Игнат бросает. Сомкнув ладони, она ловко ловит румяное пышное яблоко и передает его девочке. Машенька тут же захрумкала. Игнат бросает второе, но теперь Анна промахивается, и яблоко с чваком разбивается об асфальт.

Игнат достает третье, но Анна жестом останавливает его.

– Это тебе.

Ноги Анны, обутые в больничные шлепанцы, совсем близко, на уровне его глаз. Он смотрит. Она чувствует его взгляд и зажимает халат коленями. Глядит на него сверху вниз, строго, трезво впервые в жизни. Какой же он сгорбленный, маленький, этот ее медведь-великан! А тогда, на жоке, рядом с Петрей, казалось, когда она бежала к нему сквозь толпу, нет никого на свете стройнее и краше ее Игната…

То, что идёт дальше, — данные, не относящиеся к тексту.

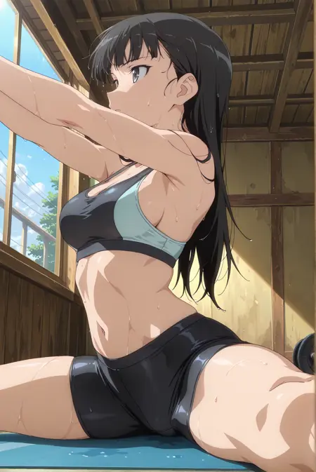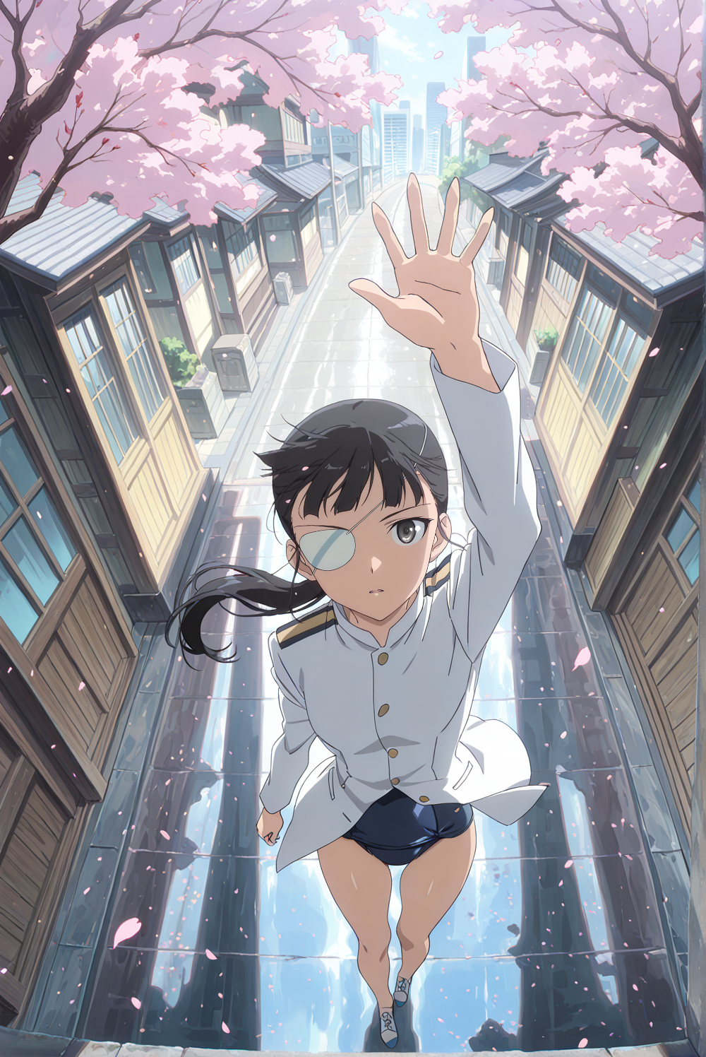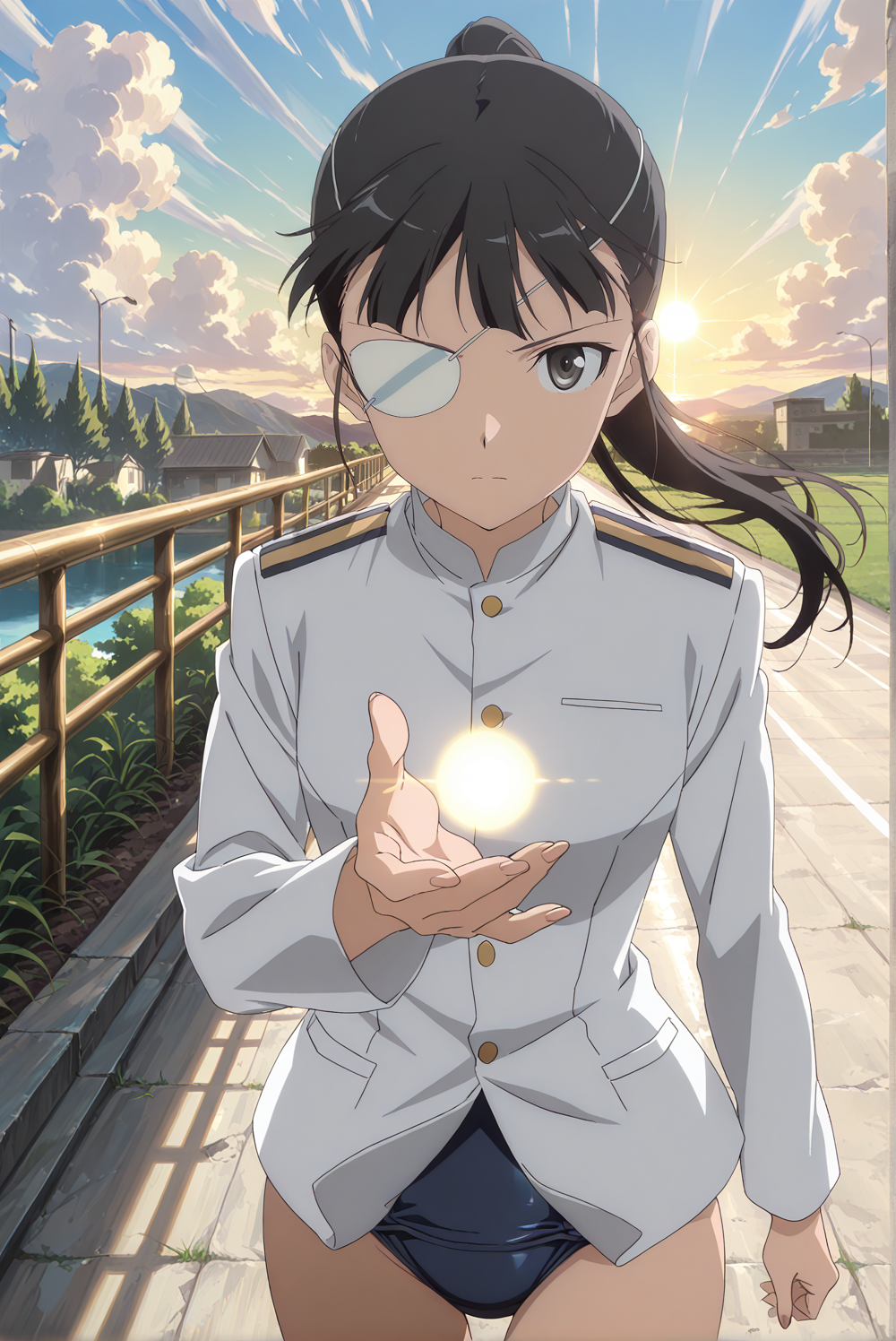 デフォルト:mio-sa、def、1girl、黒髪、黒目、アイパッチ、ローポニーテール、ロングヘア、ソロ、軍服、白いジャケット、軍用ジャケット、学校水着、ブルマ
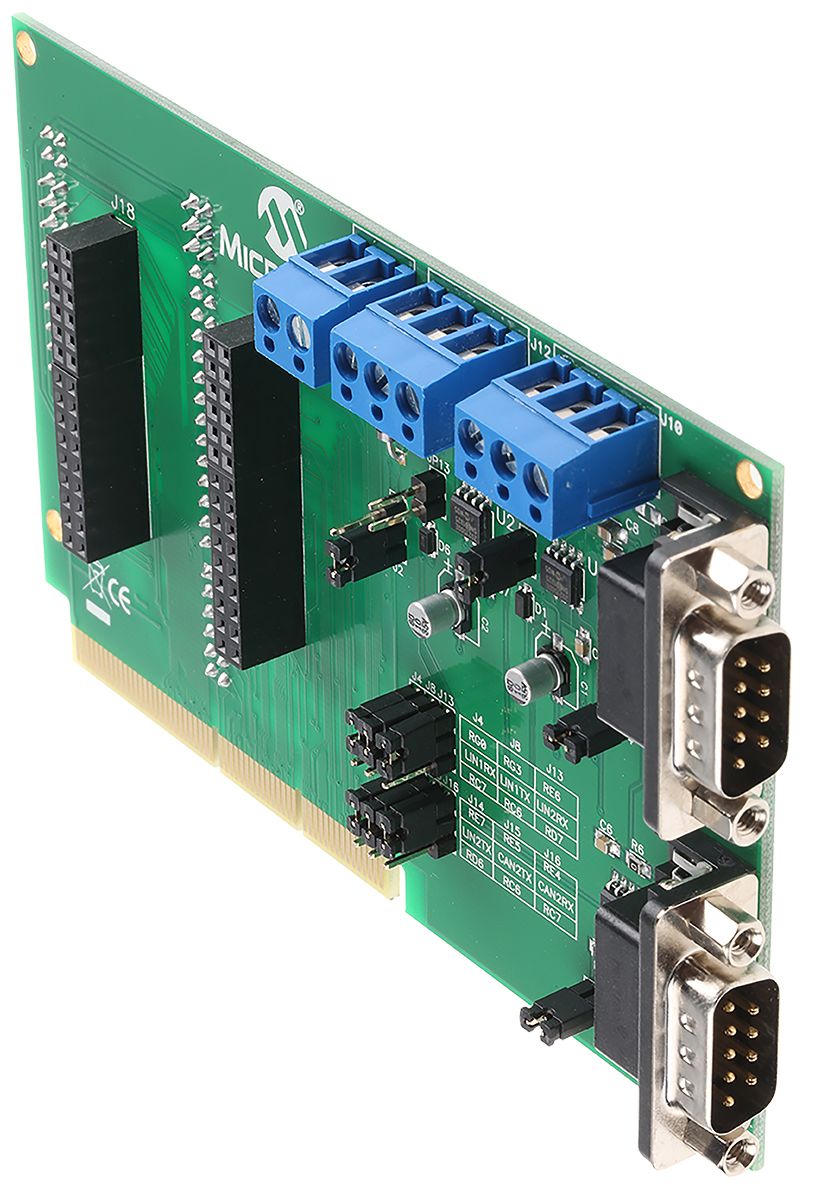 These boards facilitate rapid implementation and evaluation of applications that use Controller Area Network (CAN) and Local Interconnect Network (LIN) interfaces and are implemented on dsPIC33F DSCs and PIC24 16-bit microcontrollers.,AC164130 supports connection to the Explorer 16 Development Board only.,AC164130-2 supports connection to the Explorer 16 Development Board or the PIC18 Explorer Board.

– Когда же домой? – спрашивает Игнат, не поднимая глаз.

– Не знаю.

– К Новому году будешь?

– Не знаю… Родители приходили. Домой меня забирают.

– Понятно, – говорит Игнат помолчав. – Может, оно и к лучшему. Сегодня был инженер. Говорит, сносить будут всю махалу.

– Кто-кто?

– Ну, инженер-инженер… сама знаешь кто.

– Откуда такие красивые? – спрашивает она, глядя на разбитое яблоко на асфальте.

– Из нашего сада.

– Из нашего? – удивленно повторяет Анна. – С какого дерева? Что-то я не помню таких…

– С нашего берега, там, в левом углу…

– А-а… – говорит Анна, кивая головой, и ударяется затылком о форточку. – Ты пореже ходи ко мне. Устаешь, верно… да и незачем, милый.

Игнат видит через окно, как мимо дверного проема проходит лохматый приземистый сторож, его всегда вызывают из будки, когда надо отпереть мертвецкую, – за ним поверху, на уровне плеч, долго плывут носилки, покрытые белой простыней; с другого конца носилки держат на плечах шесть санитарок.

– Отмучилась, бедная! – подает со своей койки голос женщина с перевязанной грудью.

– Тетенька Мария! – истошно кричит Машенька, топая ногами. – А-а-а!..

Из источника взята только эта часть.